▸ **What is expected**:
What should be copied is the stretch of entries below from the line with "Сукня трикотажна з" up to and including the line with "Speed spectacle! Blurred", exactly and without images.

▸ **Information given**:

- - - - - - -

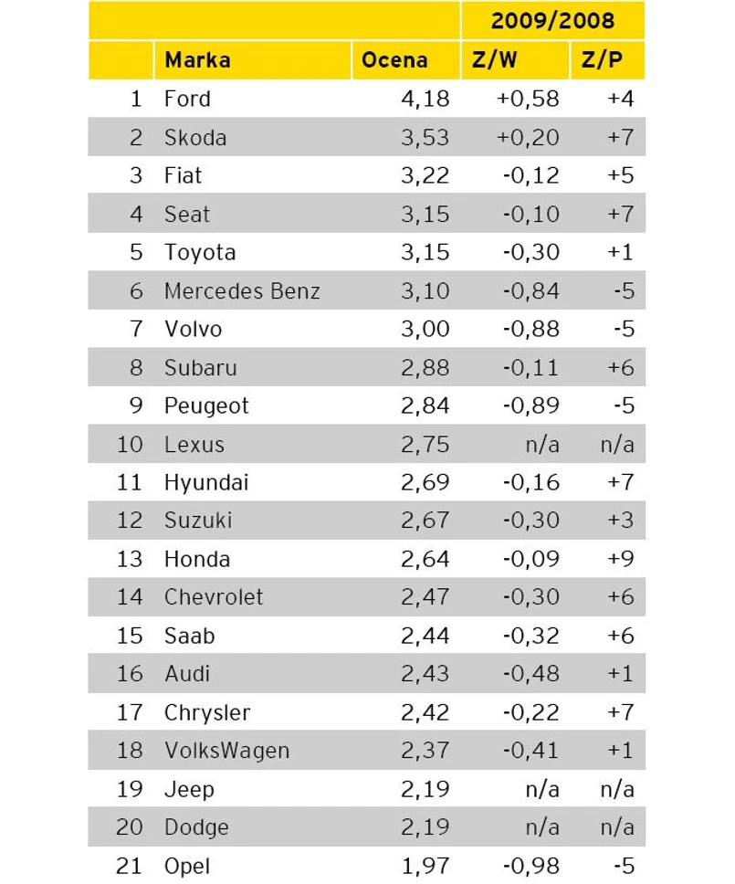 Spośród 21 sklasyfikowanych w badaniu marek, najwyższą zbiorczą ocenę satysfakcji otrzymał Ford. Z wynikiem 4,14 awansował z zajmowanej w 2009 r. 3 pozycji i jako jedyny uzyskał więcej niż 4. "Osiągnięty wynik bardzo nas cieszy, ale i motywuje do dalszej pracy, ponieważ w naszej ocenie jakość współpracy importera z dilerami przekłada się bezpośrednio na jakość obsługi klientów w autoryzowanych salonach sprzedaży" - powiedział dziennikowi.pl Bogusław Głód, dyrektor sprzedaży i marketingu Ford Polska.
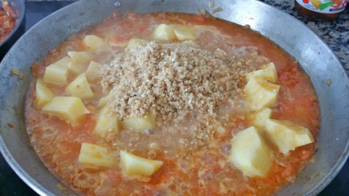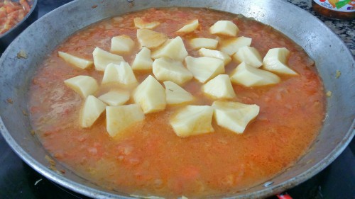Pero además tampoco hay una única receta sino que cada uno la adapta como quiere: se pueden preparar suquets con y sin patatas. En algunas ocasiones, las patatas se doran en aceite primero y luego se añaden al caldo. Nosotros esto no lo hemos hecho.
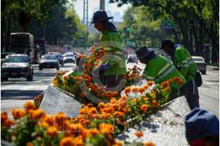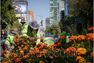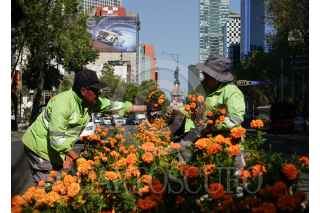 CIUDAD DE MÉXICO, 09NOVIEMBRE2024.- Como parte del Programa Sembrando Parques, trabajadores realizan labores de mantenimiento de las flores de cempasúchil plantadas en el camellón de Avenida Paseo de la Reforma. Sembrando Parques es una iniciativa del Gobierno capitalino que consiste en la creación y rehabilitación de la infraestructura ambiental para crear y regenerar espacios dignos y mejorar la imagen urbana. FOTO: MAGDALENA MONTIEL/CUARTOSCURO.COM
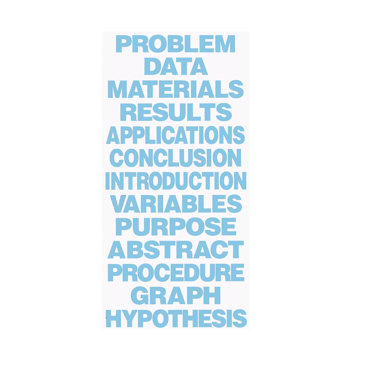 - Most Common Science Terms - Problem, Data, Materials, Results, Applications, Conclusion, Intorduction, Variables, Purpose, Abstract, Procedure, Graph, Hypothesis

- - - - - - -

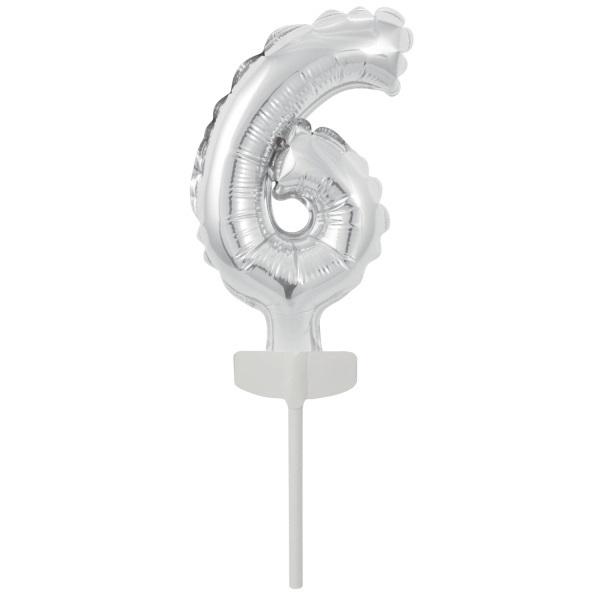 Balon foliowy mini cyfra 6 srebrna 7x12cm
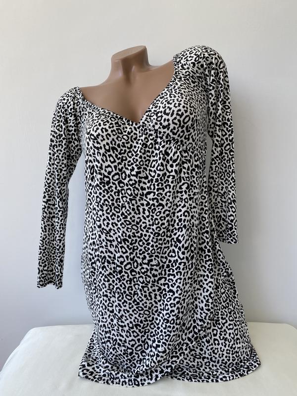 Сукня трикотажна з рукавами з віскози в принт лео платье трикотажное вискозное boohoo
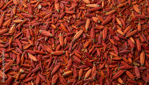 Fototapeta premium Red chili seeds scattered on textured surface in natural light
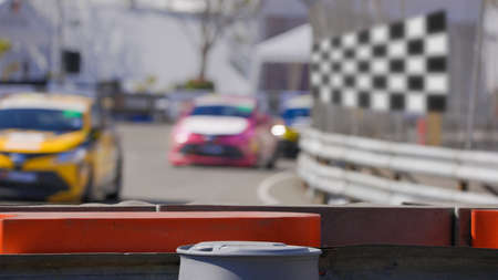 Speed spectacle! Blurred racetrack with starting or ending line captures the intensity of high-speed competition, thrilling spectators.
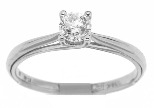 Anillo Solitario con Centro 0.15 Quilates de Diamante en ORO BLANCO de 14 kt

- - - - - - -

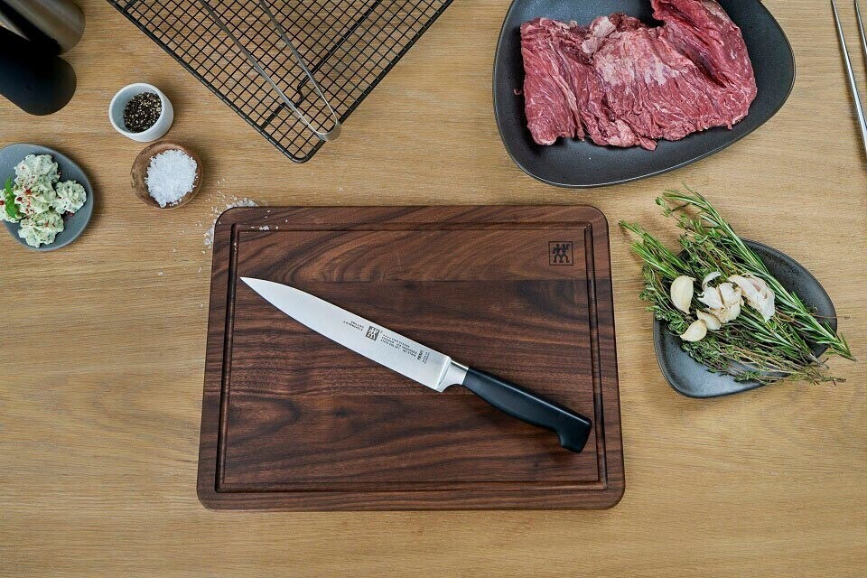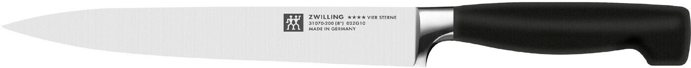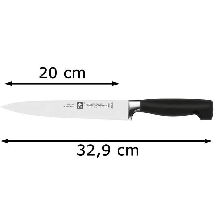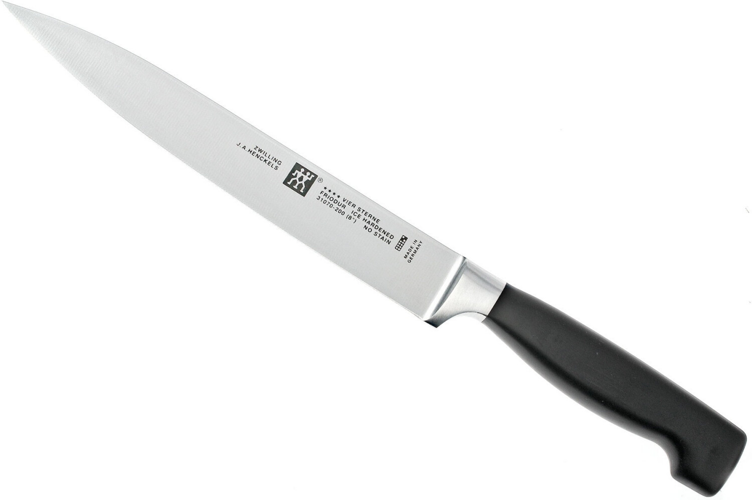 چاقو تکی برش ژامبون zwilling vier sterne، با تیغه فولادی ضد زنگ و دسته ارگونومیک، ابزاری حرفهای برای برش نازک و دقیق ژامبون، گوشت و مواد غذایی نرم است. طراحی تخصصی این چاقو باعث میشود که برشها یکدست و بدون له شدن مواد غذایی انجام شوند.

- - - - - - -

▸ **The completed task**:
 Сукня трикотажна з рукавами з віскози в принт лео платье трикотажное вискозное boohoo
 Fototapeta premium Red chili seeds scattered on textured surface in natural light
 Speed spectacle! Blurred racetrack with starting or ending line captures the intensity of high-speed competition, thrilling spectators.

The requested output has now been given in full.